Вся эта компания составляла серьезный противовес небольшой кучке немцев, которые со смиренным спокойствием наблюдали за всем происходящим. Они старались оставаться демократами, но В ГЛУБИНЕ ДУШИ...
Монотонность ожидания была прервана шумом, который зародился где-то в начале коридора, а потом, стремительно разрастаясь, стал приближаться. Пока наконец все присутствующие не увидели санитаров «скорой помощи», которые катили перед собой коляску с сидящей в ней сияющей старухой. На ее лице виднелись кровоподтеки, аккуратно уложенная прическа растрепалась, и теперь волосы свисали вдоль лица унылыми прядями. И все же улыбка пергаментными брызгами разлеталась ото рта к глазам. Старуха въехала на своей коляске в приемное отделение победоносно, как на колеснице, и выражение лица ее говорило о том, что большего счастья в этот праздничный день с ней никак не могло случиться. И озирая присутствующих, она всех как будто приглашала разделить с ней эту радость.
— Notfall, Notfall 1 , — покатилось по коридору. Как по волшебству, закрытые двери стационара на мгновение распахнулись и, поглотив старуху вместе с санитарами, тут же замкнулись, теперь уже наглухо.
Ждущие очереди почувствовали себя одураченными и загомонили все разом, но не зло, а как-то задорно. Улыбка старухи оставила на лице каждого из них свой сияющий след.
Неприятность застала фрау Райнхард врасплох. Она как раз спускалась со второго этажа своего маленького домика, чтобы посмотреть, как чувствует себя праздничное жаркое. И надо же такому случиться, чтобы в этот момент ее любимая кошка Матильда выскочила из своего убежища и метнулась прямо ей под ноги! Не успела фрау Райнхард сообразить, что произошло, как оказалась на полу.
Боль она почувствовала не сразу и даже сумела сделать пару шагов до дивана, где и свалилась, сраженная внезапным прострелом в бедре. Жаловаться было бессмысленно, потому что рядом никого не было. Да и кто бы мог быть? Вот уже больше двадцати лет на Рождество и другие праздники фрау Райнхард оставалась одна. Впрочем, одна она оставалась не только по праздникам, но и весь круглый год, давно к этому привыкнув, и только в первый Advent 2 в ее душе открывалась большая темная воронка, в которой таким непостижимым образом исчезало все, что когда-то составляло ее жизнь. Это тоскливое чувство возникало всякий раз, когда она начинала готовить тесто для Plätzchen3 : фрау Райнхард была большой мастерицей печь эти игрушечные печенья, которые требовали от хозяйки большого терпения и буквально ювелирной точности.

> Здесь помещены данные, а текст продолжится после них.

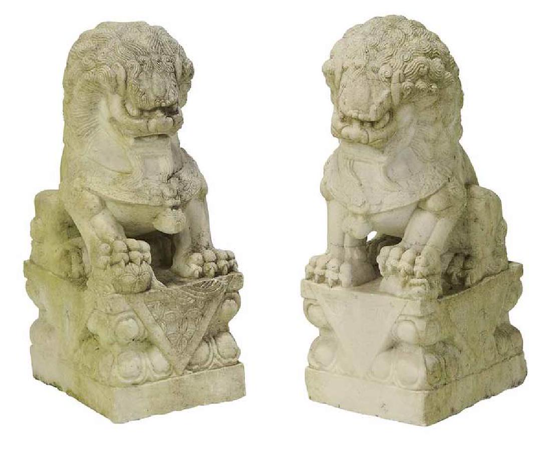 Pair Carved Marble Foo Lions
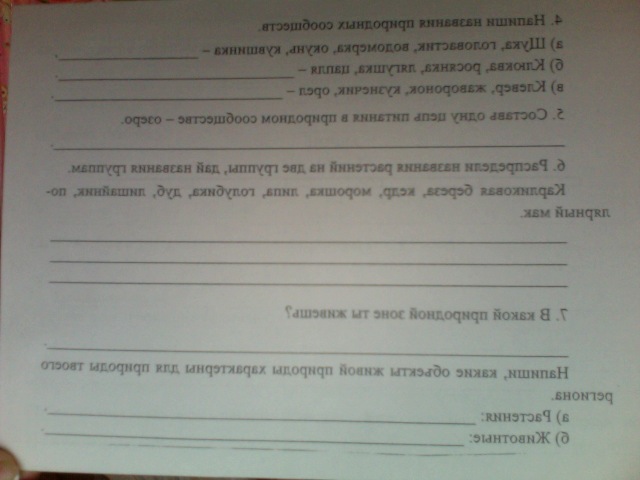 7) Природное сообщество - совокупность растений, животных, микроорганизмов, приспособленных к условиям жизни на определенной территории, влияющих друг на друга и на окружающую среду. Луг, болото, степь, пустыня, лес.
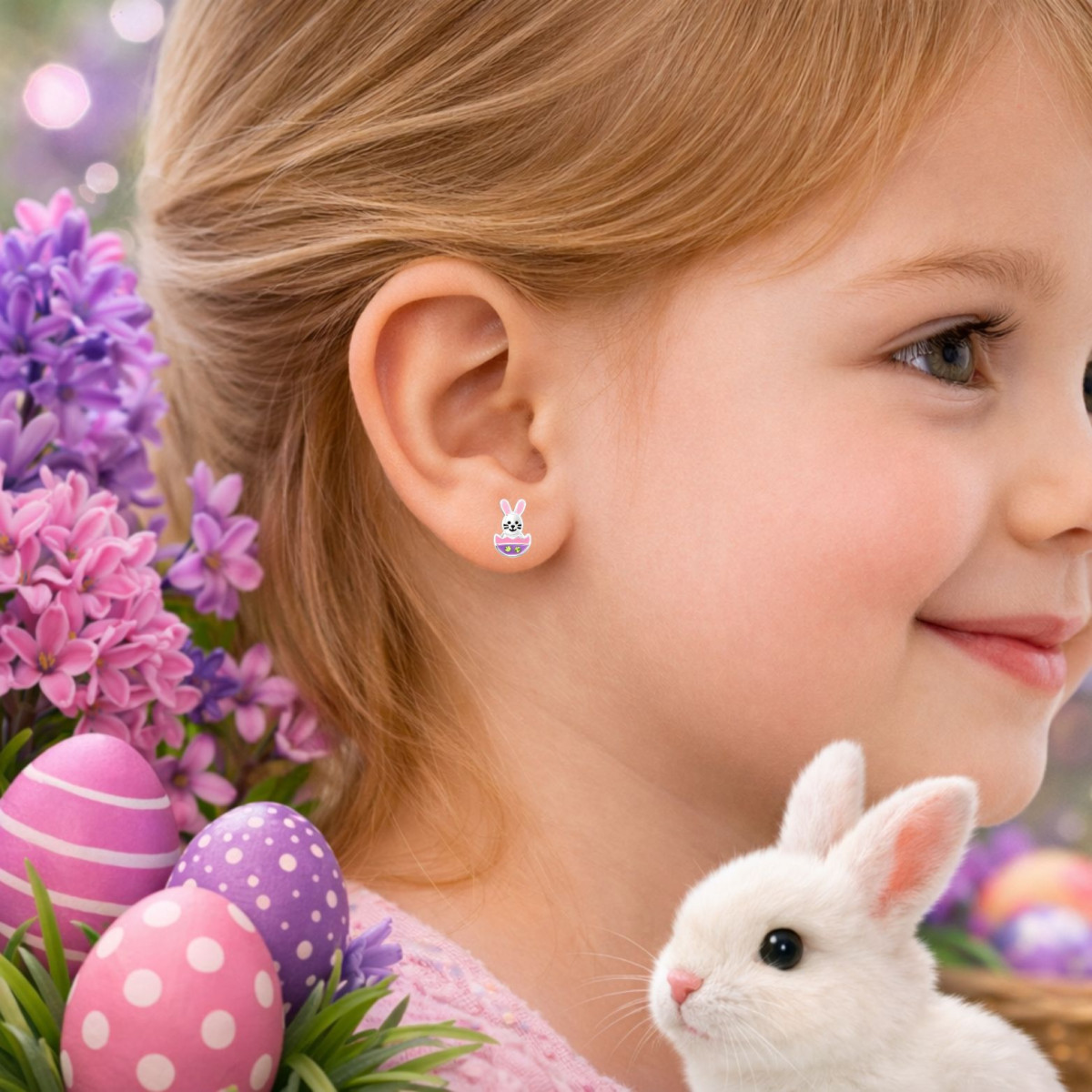 Húsvéti tojás és nyuszi gyerek fülbevaló, stift, színes, 925 ezüst
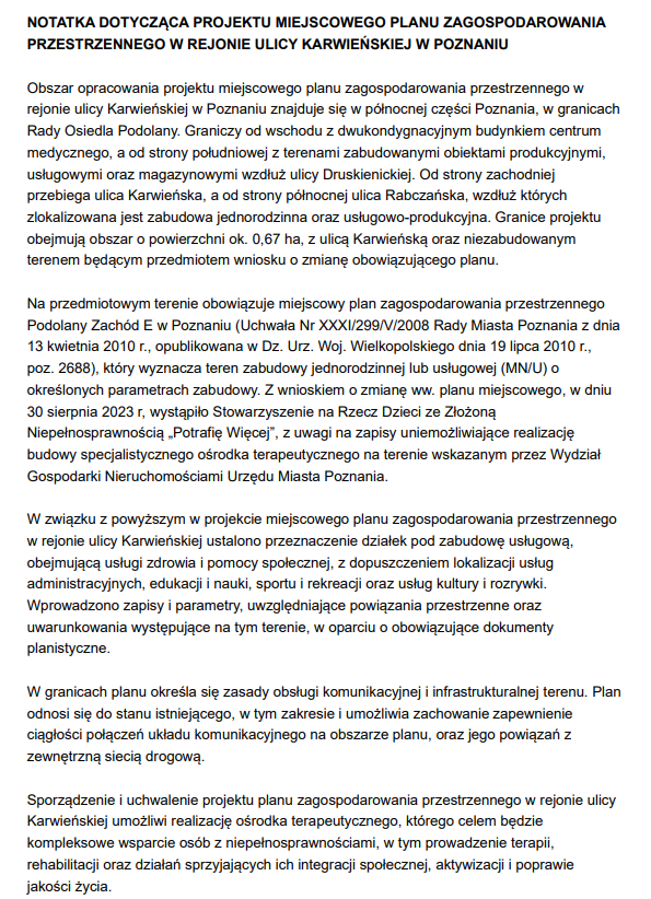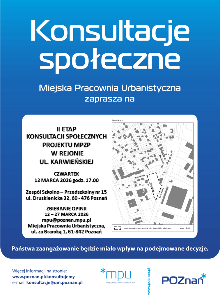 serdecznie zapraszamy na II etap konsultacji społecznych dotyczących projektu miejscowego planu zagospodarowania przestrzennego w rejonie ulicy Karwieńskiej w Poznaniu.

Она с удовольствием растапливала масло, при помощи венчика размешивала в нем сахар, разбивала яйца, отделяла желтки от белка — и все эти монотонные, отработанные годами движения как будто возвращали ее туда, к истокам, где жизнь наносила свои первые узоры на поверхность судьбы.
До того злополучного дня, когда арестовали отца, судьба Лизхен (так звали в детстве Элизабет Райнхард) была самой обыкновенной. То есть она ничем не отличалась от судеб других девочек, рожденных за пару лет до начала Второй мировой войны в одном из затаенных уголков Шварцвальда. Здесь каждый день походил один на другой, и никто не роптал на однообразие такого существования. Люди с их заботами, тревогами и радостями знали друг друга с рождения и до самой смерти. И эта застывшая картина бытия была так патриархальна, что походила на опрокинутый мир, застывший отражением в озере, раскинувшемся у подножия горы. Там отражались Kirche4 , построенная на самой верхушке холма, маленькие домики на скалах, парившие над миром в каком-то сказочном оцепенении, горбатые узкие улочки, старинный колодец на крошечной площади перед расписной ратушей. Все это Лизхен как будто привнесла в мир вместе со своим рождением и чувствовала себя неотъемлемой частью сельского сообщества, в котором веками люди не делились на плохих и хороших, а жили как единый организм, в котором каждый орган незаменим и поэтому очень важен. Ее мировоззрение складывалось из мелочей: из звона колокольчика, которым оглашала деревенские улицы молочница, когда разносила парное молоко, из блеянья козы, из смены красок природы. Но углубленное, пристальное внимание к таким, казалось бы, незначительным явлениям создавало в душе Лизхен неповторимый, свойственный ей одной мир. Этот мир был гармоничен с природой, с людьми, с животными. И от этого Лизхен всегда улыбалась расслабленной задумчивой улыбкой.
Эта улыбка вызывала протест у жителей селения, на лицах которых лежала печать суровости жизни и окружающей среды, что, по их мнению, гораздо лучше сочеталось с вековой традицией местности. Лизхен знала, что соседи считают ее странной, знала и не обижалась, потому что считала всех людей прекрасными созданиями Божьими. Так учил ее отец — сельский пастор, и так воспринимала их она — маленькая девочка, никогда не ведавшая ничего дурного.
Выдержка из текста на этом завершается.